What you will do: From the data below, repeat exactly the lines from the line with "Personnalisé noir et" to the line with "Ein traumhaftes Top", both included.

Records supplied:
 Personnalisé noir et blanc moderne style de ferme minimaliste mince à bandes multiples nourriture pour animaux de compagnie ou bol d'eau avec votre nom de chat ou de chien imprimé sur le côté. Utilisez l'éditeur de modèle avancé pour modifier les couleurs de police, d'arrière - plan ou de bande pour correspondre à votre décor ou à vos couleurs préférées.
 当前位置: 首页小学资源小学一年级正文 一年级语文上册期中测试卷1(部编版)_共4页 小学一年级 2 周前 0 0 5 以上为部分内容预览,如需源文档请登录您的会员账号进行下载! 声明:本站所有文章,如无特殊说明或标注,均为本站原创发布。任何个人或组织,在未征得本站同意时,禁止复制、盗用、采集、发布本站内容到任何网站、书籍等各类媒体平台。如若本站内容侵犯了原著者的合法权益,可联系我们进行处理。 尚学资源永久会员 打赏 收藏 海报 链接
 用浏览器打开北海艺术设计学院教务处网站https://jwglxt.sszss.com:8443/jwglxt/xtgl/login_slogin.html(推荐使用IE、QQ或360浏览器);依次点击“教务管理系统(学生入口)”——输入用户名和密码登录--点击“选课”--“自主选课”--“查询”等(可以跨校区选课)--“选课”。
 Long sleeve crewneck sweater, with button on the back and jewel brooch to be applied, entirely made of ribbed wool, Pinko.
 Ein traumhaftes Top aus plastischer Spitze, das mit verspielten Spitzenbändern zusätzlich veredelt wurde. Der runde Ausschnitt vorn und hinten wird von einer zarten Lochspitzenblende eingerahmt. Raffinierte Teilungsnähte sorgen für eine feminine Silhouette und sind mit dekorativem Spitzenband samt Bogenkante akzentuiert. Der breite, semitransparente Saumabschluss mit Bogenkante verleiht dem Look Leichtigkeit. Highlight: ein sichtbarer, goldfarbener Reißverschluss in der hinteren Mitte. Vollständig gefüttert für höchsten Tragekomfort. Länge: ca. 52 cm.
* * *
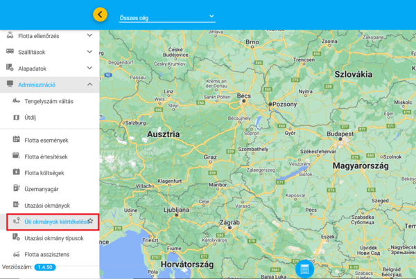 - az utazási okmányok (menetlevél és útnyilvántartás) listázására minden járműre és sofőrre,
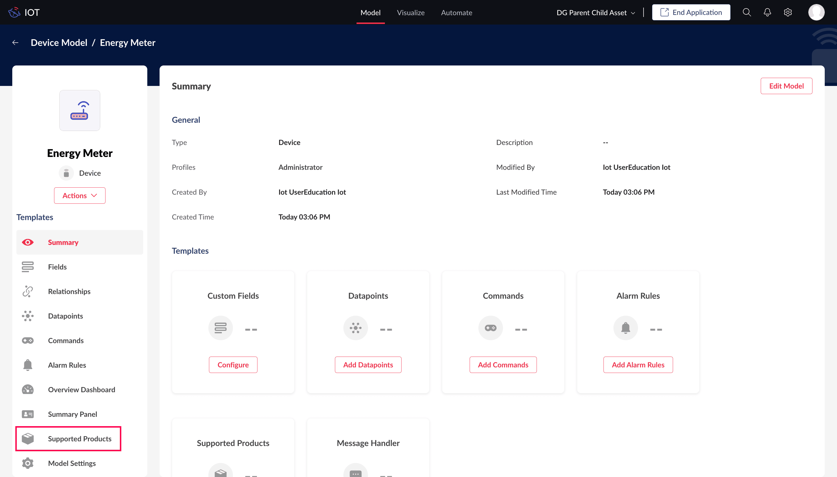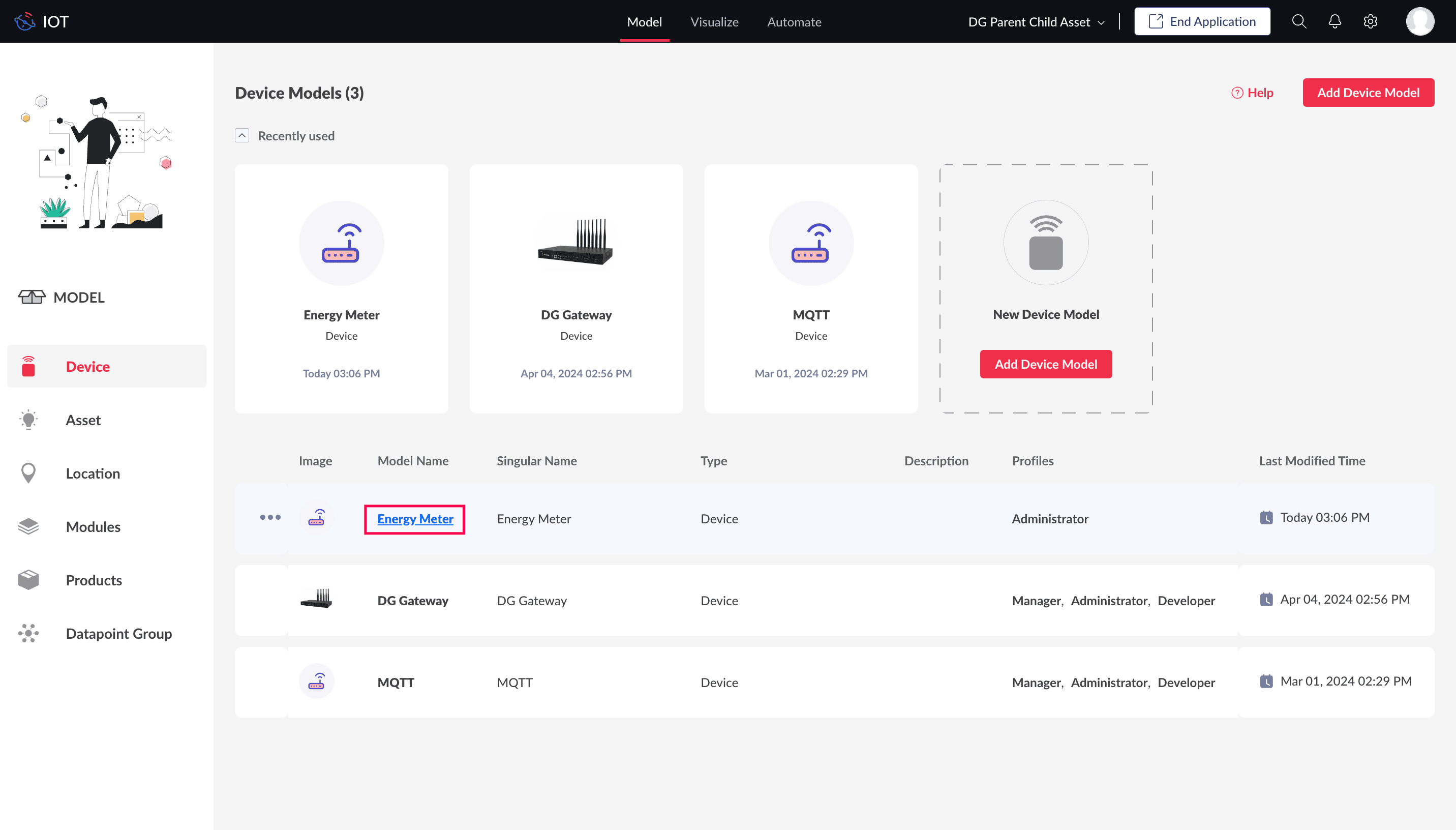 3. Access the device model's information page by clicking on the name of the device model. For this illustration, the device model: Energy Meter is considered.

Response area:
 Personnalisé noir et blanc moderne style de ferme minimaliste mince à bandes multiples nourriture pour animaux de compagnie ou bol d'eau avec votre nom de chat ou de chien imprimé sur le côté. Utilisez l'éditeur de modèle avancé pour modifier les couleurs de police, d'arrière - plan ou de bande pour correspondre à votre décor ou à vos couleurs préférées.
 当前位置: 首页小学资源小学一年级正文 一年级语文上册期中测试卷1(部编版)_共4页 小学一年级 2 周前 0 0 5 以上为部分内容预览,如需源文档请登录您的会员账号进行下载! 声明:本站所有文章,如无特殊说明或标注,均为本站原创发布。任何个人或组织,在未征得本站同意时,禁止复制、盗用、采集、发布本站内容到任何网站、书籍等各类媒体平台。如若本站内容侵犯了原著者的合法权益,可联系我们进行处理。 尚学资源永久会员 打赏 收藏 海报 链接
 用浏览器打开北海艺术设计学院教务处网站https://jwglxt.sszss.com:8443/jwglxt/xtgl/login_slogin.html(推荐使用IE、QQ或360浏览器);依次点击“教务管理系统(学生入口)”——输入用户名和密码登录--点击“选课”--“自主选课”--“查询”等(可以跨校区选课)--“选课”。
 Long sleeve crewneck sweater, with button on the back and jewel brooch to be applied, entirely made of ribbed wool, Pinko.
 Ein traumhaftes Top aus plastischer Spitze, das mit verspielten Spitzenbändern zusätzlich veredelt wurde. Der runde Ausschnitt vorn und hinten wird von einer zarten Lochspitzenblende eingerahmt. Raffinierte Teilungsnähte sorgen für eine feminine Silhouette und sind mit dekorativem Spitzenband samt Bogenkante akzentuiert. Der breite, semitransparente Saumabschluss mit Bogenkante verleiht dem Look Leichtigkeit. Highlight: ein sichtbarer, goldfarbener Reißverschluss in der hinteren Mitte. Vollständig gefüttert für höchsten Tragekomfort. Länge: ca. 52 cm.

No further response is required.